### What the task requires
Your task is to transcribe the lines from the start of the data below through the line containing "Punjab State Dear", inclusive, exactly as they stand and without the pictures.

### Source material
^^^^^^^^
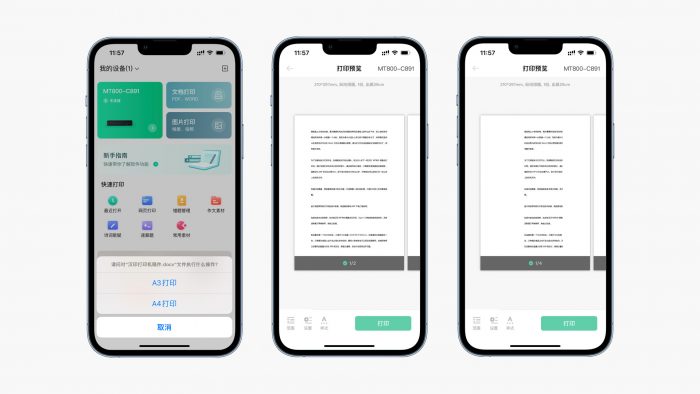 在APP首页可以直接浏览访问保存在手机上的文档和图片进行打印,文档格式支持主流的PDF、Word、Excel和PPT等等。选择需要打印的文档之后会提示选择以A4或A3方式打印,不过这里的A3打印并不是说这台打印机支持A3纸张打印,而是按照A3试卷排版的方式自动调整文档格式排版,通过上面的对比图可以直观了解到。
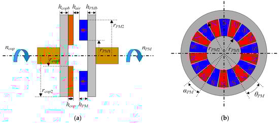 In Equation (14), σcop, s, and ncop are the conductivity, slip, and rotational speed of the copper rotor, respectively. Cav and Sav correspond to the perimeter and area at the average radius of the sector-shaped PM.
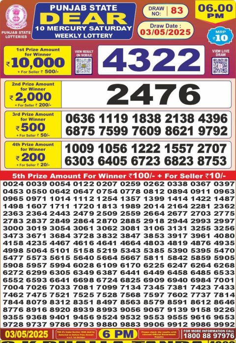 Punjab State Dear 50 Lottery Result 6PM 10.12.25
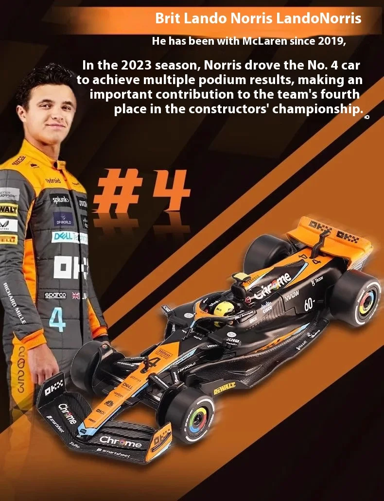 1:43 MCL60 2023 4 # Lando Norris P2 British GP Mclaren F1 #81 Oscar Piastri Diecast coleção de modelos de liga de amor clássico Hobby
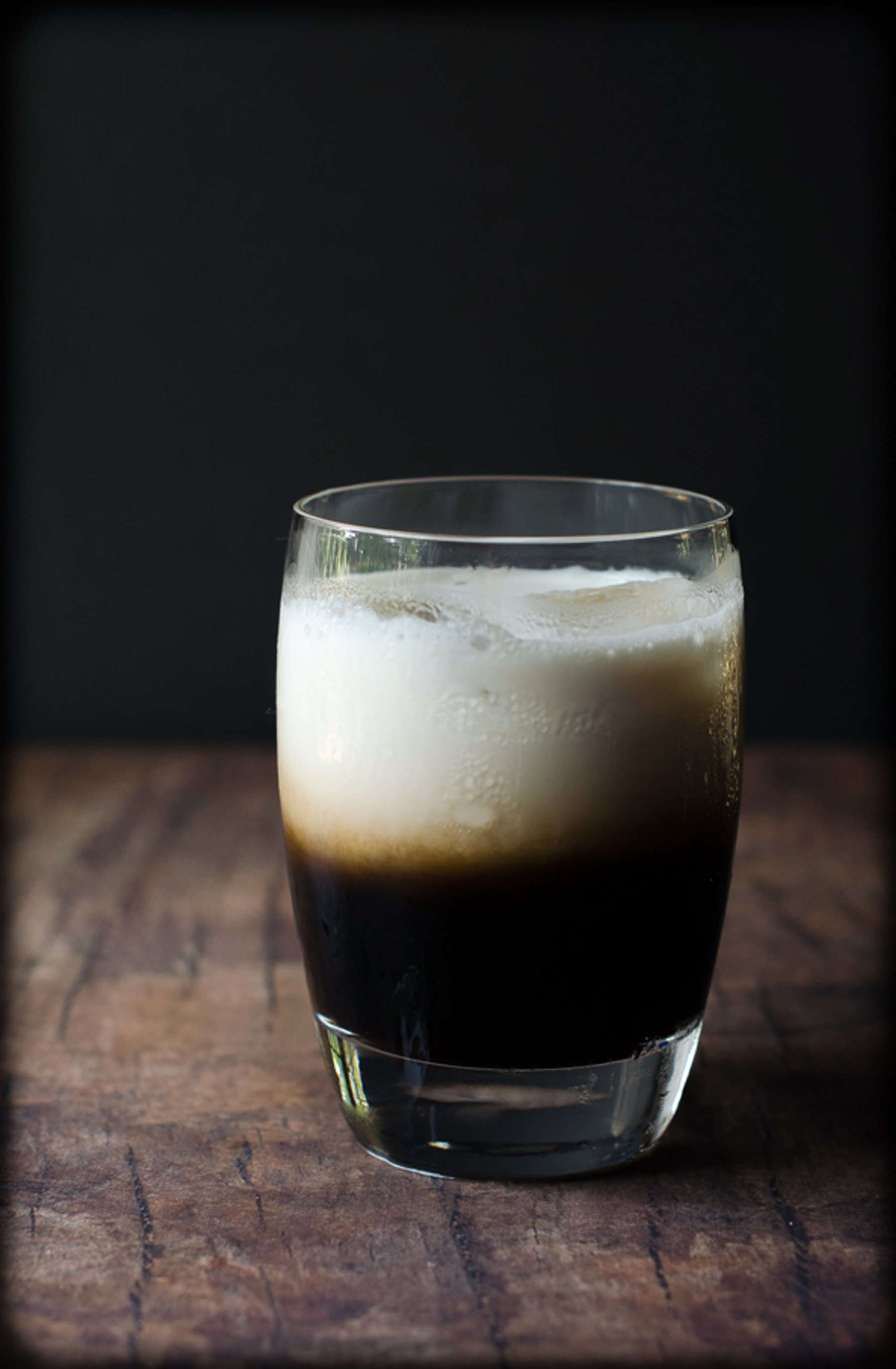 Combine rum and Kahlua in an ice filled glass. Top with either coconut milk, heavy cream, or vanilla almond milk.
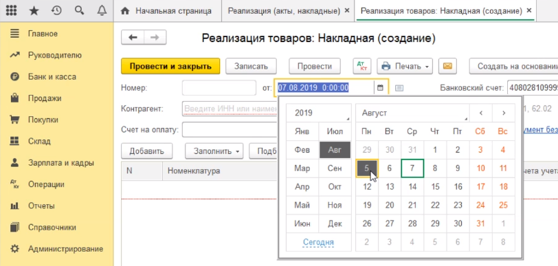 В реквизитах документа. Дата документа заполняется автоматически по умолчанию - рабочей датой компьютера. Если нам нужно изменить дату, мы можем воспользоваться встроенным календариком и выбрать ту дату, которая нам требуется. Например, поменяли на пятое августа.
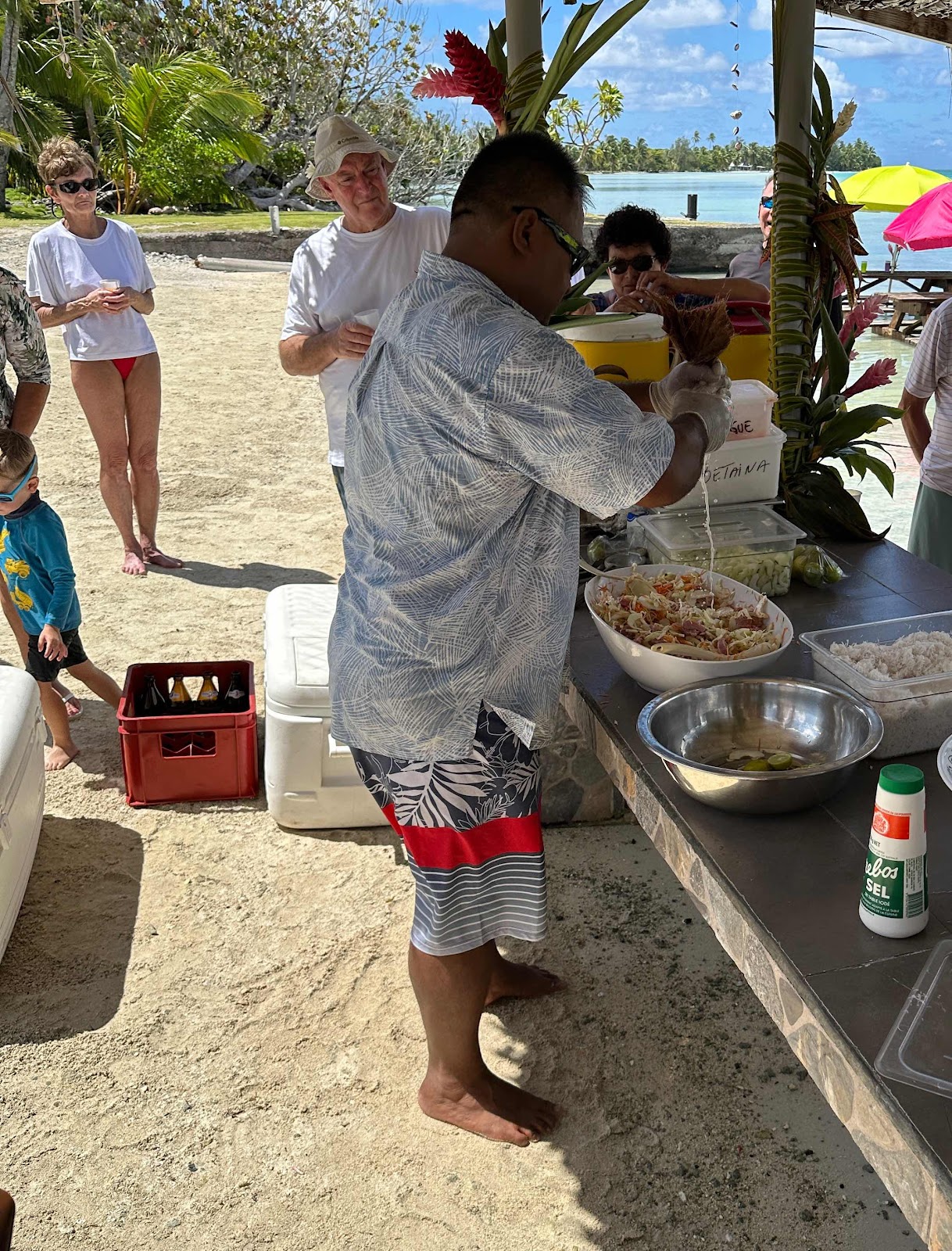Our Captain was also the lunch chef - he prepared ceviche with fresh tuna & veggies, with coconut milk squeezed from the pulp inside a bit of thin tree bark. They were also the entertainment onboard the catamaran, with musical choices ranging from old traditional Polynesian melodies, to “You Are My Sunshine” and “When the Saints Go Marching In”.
^^^^^^^^
### Output of the task
 在APP首页可以直接浏览访问保存在手机上的文档和图片进行打印,文档格式支持主流的PDF、Word、Excel和PPT等等。选择需要打印的文档之后会提示选择以A4或A3方式打印,不过这里的A3打印并不是说这台打印机支持A3纸张打印,而是按照A3试卷排版的方式自动调整文档格式排版,通过上面的对比图可以直观了解到。
 In Equation (14), σcop, s, and ncop are the conductivity, slip, and rotational speed of the copper rotor, respectively. Cav and Sav correspond to the perimeter and area at the average radius of the sector-shaped PM.
 Punjab State Dear 50 Lottery Result 6PM 10.12.25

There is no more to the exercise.